Task requirements - For this exercise, return all the data word for word, with images left out.

Data -
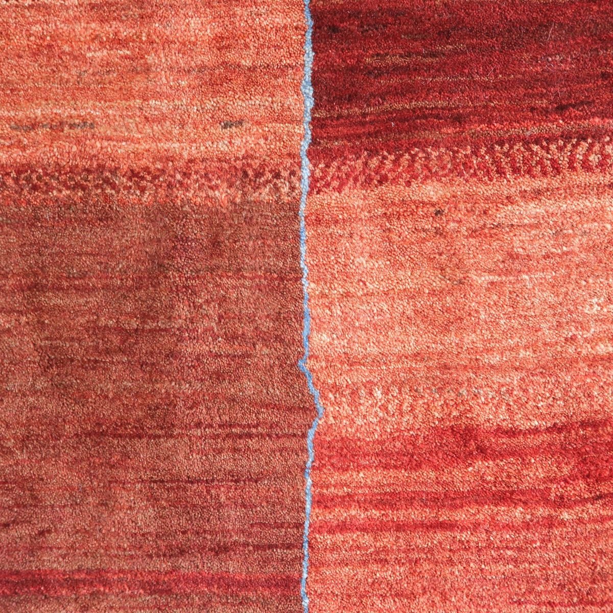 濃淡や色調の違う幾つもの赤色を使用した赤系のギャッベ。つながりある同系色のグラデーションを切り替えて、浮かび上がるような枠柄にデザインした美しい色のつながりの上に、小さなモチーフが入ったシンプルでスタイリッシュなモダンデザインです。
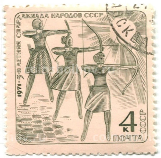 Марка 5-я летняя спартакиада народов СССР (стрельба из лука) 1971 год
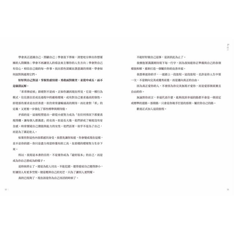 真的已經夠了,現在該是你為自己而活的時候了。不能好好做自己這件事,是該到此為止了。我懷抱著滿滿期待寫下每一行字,因為我知道你正準備與自己的各個樣貌和解,重新打造一個屬於你的良善幸福。我想牽起你的手,一起踏上一段旅程。這段旅程,也許是你人生中第一次,不是朝向完美或優秀前進,而是邁向真正的自由。因為真正愛你的人,不會因為你完美無瑕才愛你,而是愛那個真實且自由的你。無論對你而言,幸福代表什麼,幸福的路都不會是一條固定或標準的道路。那條路,只會是你親手打造的那條、屬於你自己的路。

Answer for the task -
 濃淡や色調の違う幾つもの赤色を使用した赤系のギャッベ。つながりある同系色のグラデーションを切り替えて、浮かび上がるような枠柄にデザインした美しい色のつながりの上に、小さなモチーフが入ったシンプルでスタイリッシュなモダンデザインです。
 Марка 5-я летняя спартакиада народов СССР (стрельба из лука) 1971 год
 真的已經夠了,現在該是你為自己而活的時候了。不能好好做自己這件事,是該到此為止了。我懷抱著滿滿期待寫下每一行字,因為我知道你正準備與自己的各個樣貌和解,重新打造一個屬於你的良善幸福。我想牽起你的手,一起踏上一段旅程。這段旅程,也許是你人生中第一次,不是朝向完美或優秀前進,而是邁向真正的自由。因為真正愛你的人,不會因為你完美無瑕才愛你,而是愛那個真實且自由的你。無論對你而言,幸福代表什麼,幸福的路都不會是一條固定或標準的道路。那條路,只會是你親手打造的那條、屬於你自己的路。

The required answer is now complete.